I used strings to determine that the errors are coming from libsai.so.1.0 in the libsaibcm_4.3.3.5-1_amd64 package, don't know what the error actually means or how it can be circumvented from outside the binairy yet.

Also basically all the containers restart, now i think this is not really a good way to handle these errors, a rollback would be much more elegant in my opinion, this basically crashes the switch.

Anyone with knowledge of the brcm sai lib or with a connection to broadcom to maybe help out with this?
prsunny commented 3 years ago

Looks like an sdk error - _brcm_sai_vlan_create_internal_vfi:4055 MC-GRP create failed with error Feature unavailable Is this TD3 platform?.

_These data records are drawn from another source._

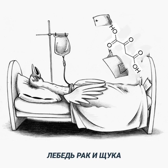 В начале цикла трикарбоновых кислот ацетил-КоА, образованный при распаде глюкозы, жирных кислот или аминокислот, отдает свою ацетильную группу четырехуглеродному соединению — оксалоацетату (щавелевоуксусной кислоте — ЩУКа), при этом образуется шестиуглеродный цитрат. Цитрат затем изомеризуется в изоцитрат, который далее дегидрируется и декарбоксилируется до пятиуглеродной кислоты — \(\alpha\)-кетоглутарата. \(\alpha\)-кетоглутарат вновь декарбоксилируется, превращаясь в четырехуглеродный сукцинат. Сукцинат затем превращается в фумарат под воздействием сукцинатдегидрогиназы, после чего он в два этапа ферментативно преобразуется снова в оксалоацетат — ЩУКу.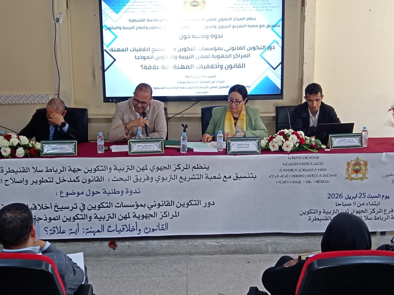 نظم المركز الجهوي لمهن التربية والتكوين لجهة الرباط سلا القنيطرة، بشراكة مع شعبة التشريع التربوي وفريق البحث ” القانون كمدخل لتطوير وإصلاح التربية والتكوين “، ندوة وطنية علمية حول موضوع: “دور التكوين القانوني بمؤسسات التكوين في ترسيخ أخلاقيات المهنة”، وذلك يوم السبت 25 أبريل 2026 بمقر فرع القنيطرة. وقد شكل هذا الموعد العلمي فضاءً للحوار الرصين وتبادل الرؤى بين نخبة من الأكاديميين والخبراء والفاعلين التربويين، في محاولة لتجسير الهوة القائمة بين النصوص القانونية المجردة ومتطلبات الممارسة المهنية القائمة على القيم.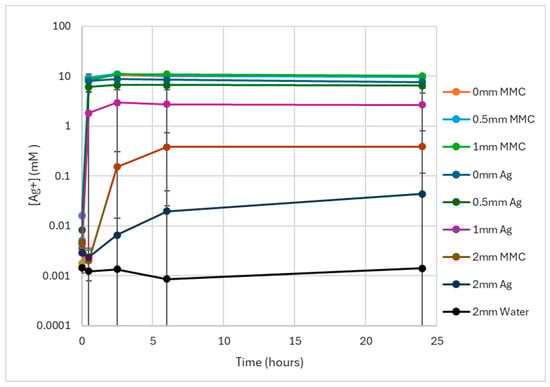 The silver penetration given as an average Ag+ concentration (mM) at the sensor surface for MMC and AgNO3 solutions. The errors represent the standard deviation of the mean.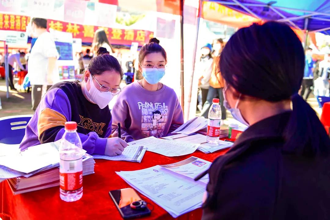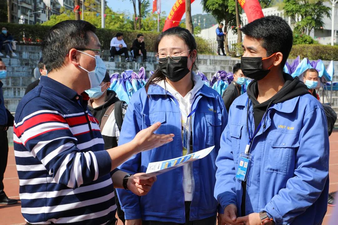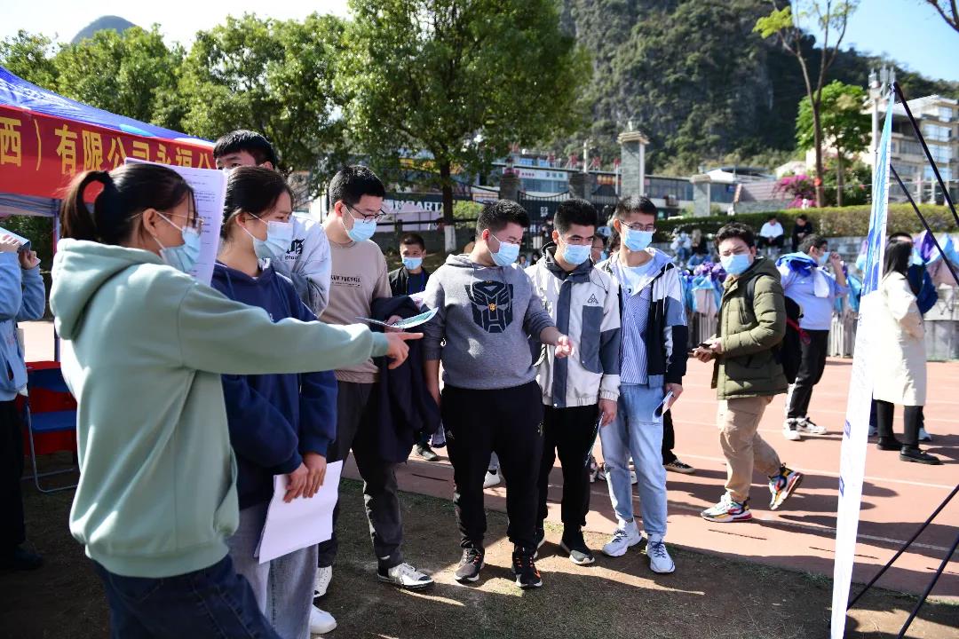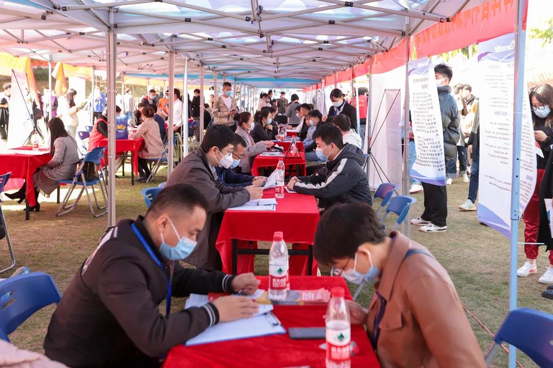 11月11日上午,学校在田径场举办2022届毕业生“双向选择”洽谈会。来自区内外近300家企业前来招聘,提供信息技术、软件开发、机械工程、财务管理、市场营销、环境设计等就业岗位7000余个岗位.参加双选会的用人单位和提供就业岗位再创历史新高。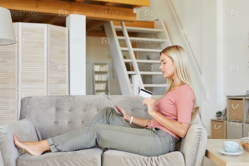 Женщина, использующая планшетный компьютер дома

phiea commented 3 years ago

yes this is TD3

phiea commented 3 years ago

by the way, again for completeness, wendani pointed out that on the 202012 branch there is a slightly newer brcm sai version, 4.3.3.5-3 instaid of 4.3.3.5-1, from https://github.com/Azure/sonic-buildimage/pull/7728/files, which is also related to subinterfaces, but the newer lib stil gives the same issue.

JafarSeyedi commented 3 years ago

sub-interface still not working in BRCM SAI 5.0.0.6

abhiranjeet commented 2 years ago

Hi, I am still seeing same issue on AS7726-32X platform using 202111 branch. Is this resolved on any other branch ?

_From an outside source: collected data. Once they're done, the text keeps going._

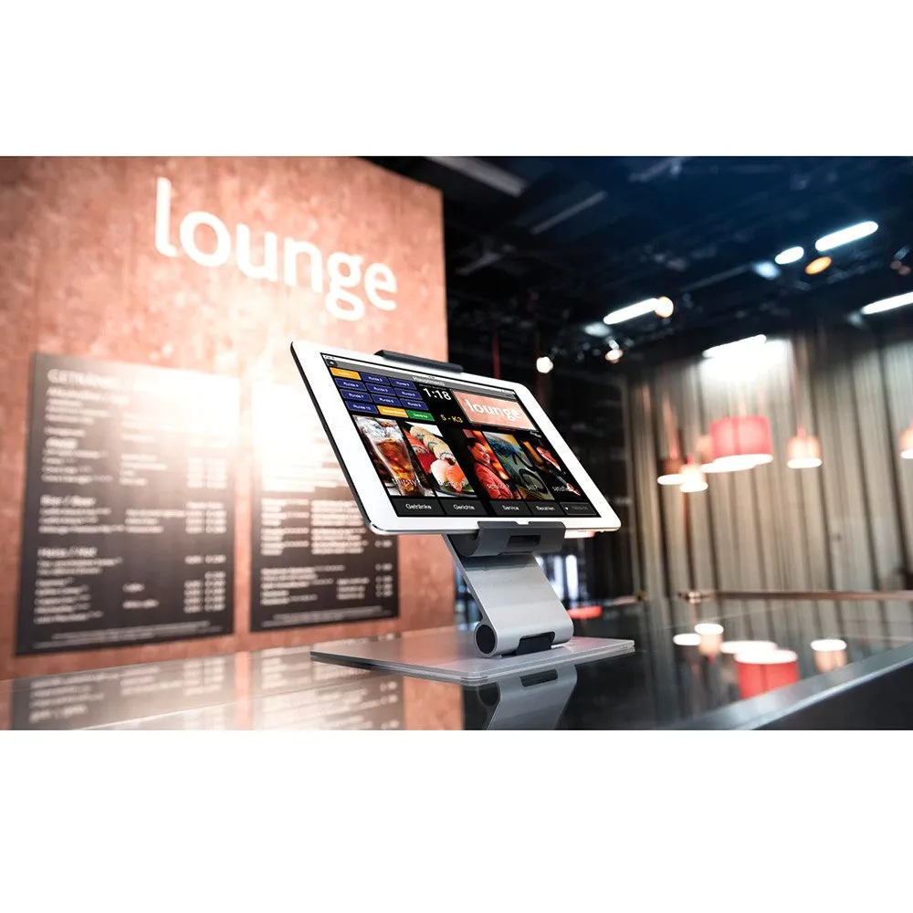 Gestión de cables: la abertura en el soporte sirve como salida del cable de carga para la tableta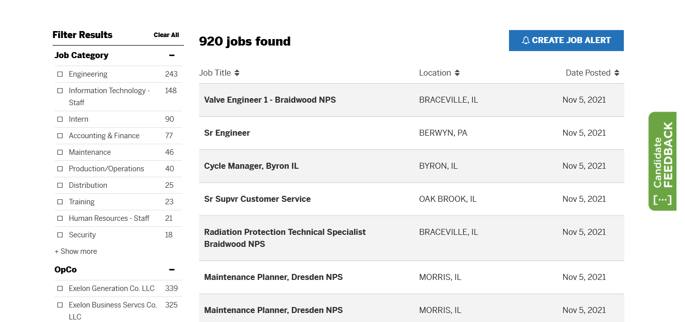 Exelon Corp 897 https://jobs.exeloncorp.com/jobs/search?q=&location=#the-results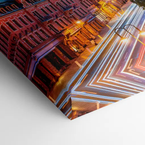 Am frühen Morgen beginnt die Stadt langsam aus dem Schlaf zu erwachen. Der Berufsverkehr zaubert leuchtende Lichtspuren auf die Straße rund um den Schillerplatz in Dresden. Der eher ungewöhnliche Blick auf den Schillerplatz und das Blaue Wunder in Verbindung mit dem beeindruckenden intensiven Morgenrot der auf Horizont aufgehenden Sonne, macht dieses Foto ganz besonders.

abhiranjeet commented 2 years ago

Hi, Is this thread active ? This issue is still visible on AS7712-32X (Tomahawk) & AS7726-32X (Trident 3) platform with 202111 branch.

JafarSeyedi commented 2 years ago

Hi

No, The problem resolved. It was because of Broadcom SAI which has been resolved.

Thanks

abhiranjeet commented 2 years ago

Hi,

Which Broadcom SAI version did you use ?

stenstad commented 1 year ago

I still have this problem on Tomahawk running 2022.11:

BRCM SAI ver: [7.1.111.1], OCP SAI ver: [1.11.0], SDK ver: [sdk-6.5.24]

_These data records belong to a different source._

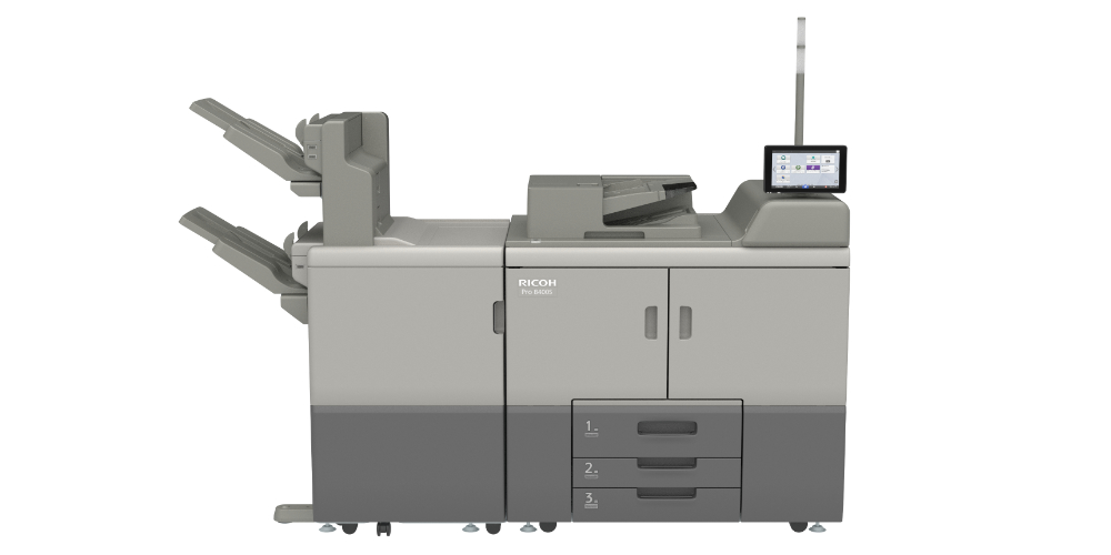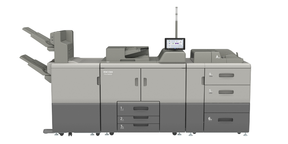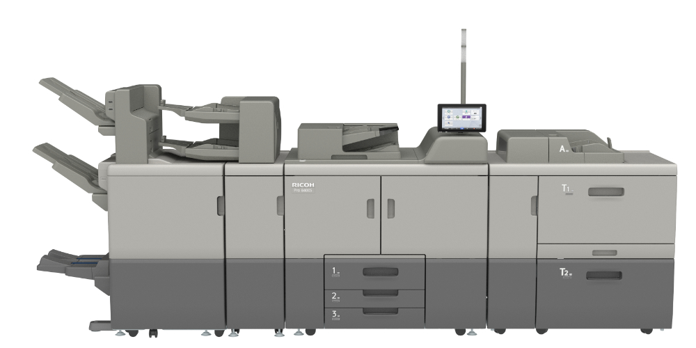 The RICOH Pro 8400s is an all-in-one monochrome digital press designed for reliable, high-speed production in office, in-plant, and light production environments. With fast output, advanced security, and an easy-to-use interface, it helps organizations print, scan, and share information efficiently and securely.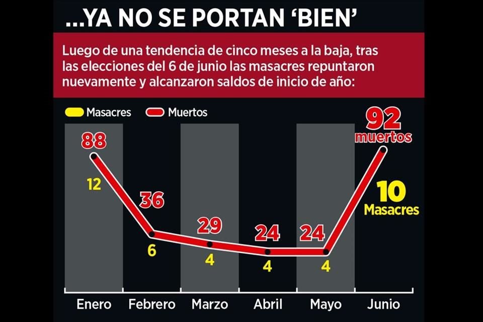 Tras las elecciones del 6 de junio, las masacres o multihomicidios repuntaron en el País.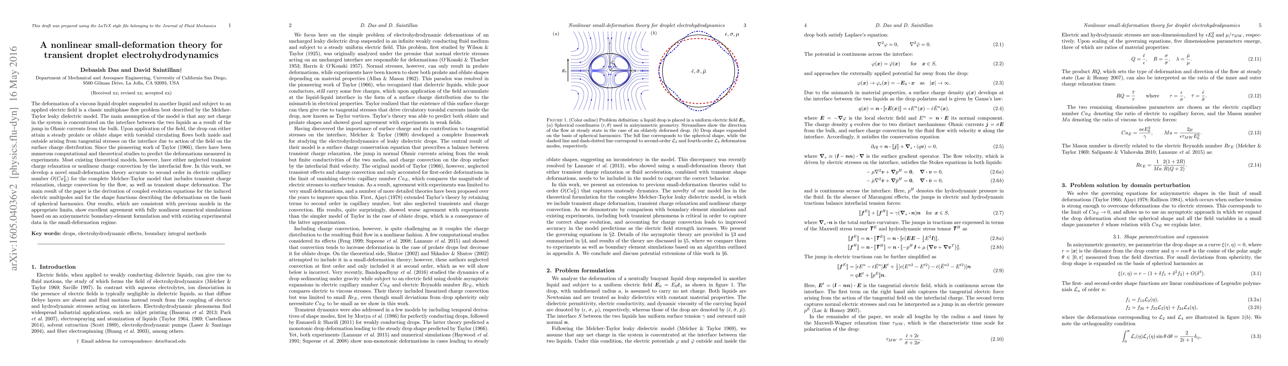 This paper develops a novel small-deformation theory for transient droplet electrohydrodynamics, incorporating transient charge relaxation and nonlinear charge convection. The theory provides coupled evolution equations for induced electric multipoles and shape deformations, showing agreement with numerical simulations and experimental data.

rlebedys commented 7 months ago

The problem is still present in 202311. Attaching syslog of the issue right after issuing a config subinterface add Ethernet72.20 20.

Output of show version:

SONiC Software Version: SONiC.202311.480461-bacd21577
SONiC OS Version: 11
Distribution: Debian 11.8
Kernel: 5.10.0-23-2-amd64
Build commit: bacd21577
Build date: Sun Feb 18 12:27:37 UTC 2024
Built by: AzDevOps@vmss-soni0033YT

Platform: x86_64-accton_as7326_56x-r0
HwSKU: Accton-AS7326-56X
ASIC: broadcom
ASIC Count: 1

Broadcom SAI version:

:~# bcmcmd "bcmsai ver"
bcmsai ver
BRCM SAI ver: [10.1.6.0], OCP SAI ver: [1.13.2], SDK ver: [sdk-6.5.29], CANCUN ver: [06.04.01]
drivshell>

@JafarSeyedi can you check again if the problem is fixed in Broadcom SAI?

subinterface_add_logs.txt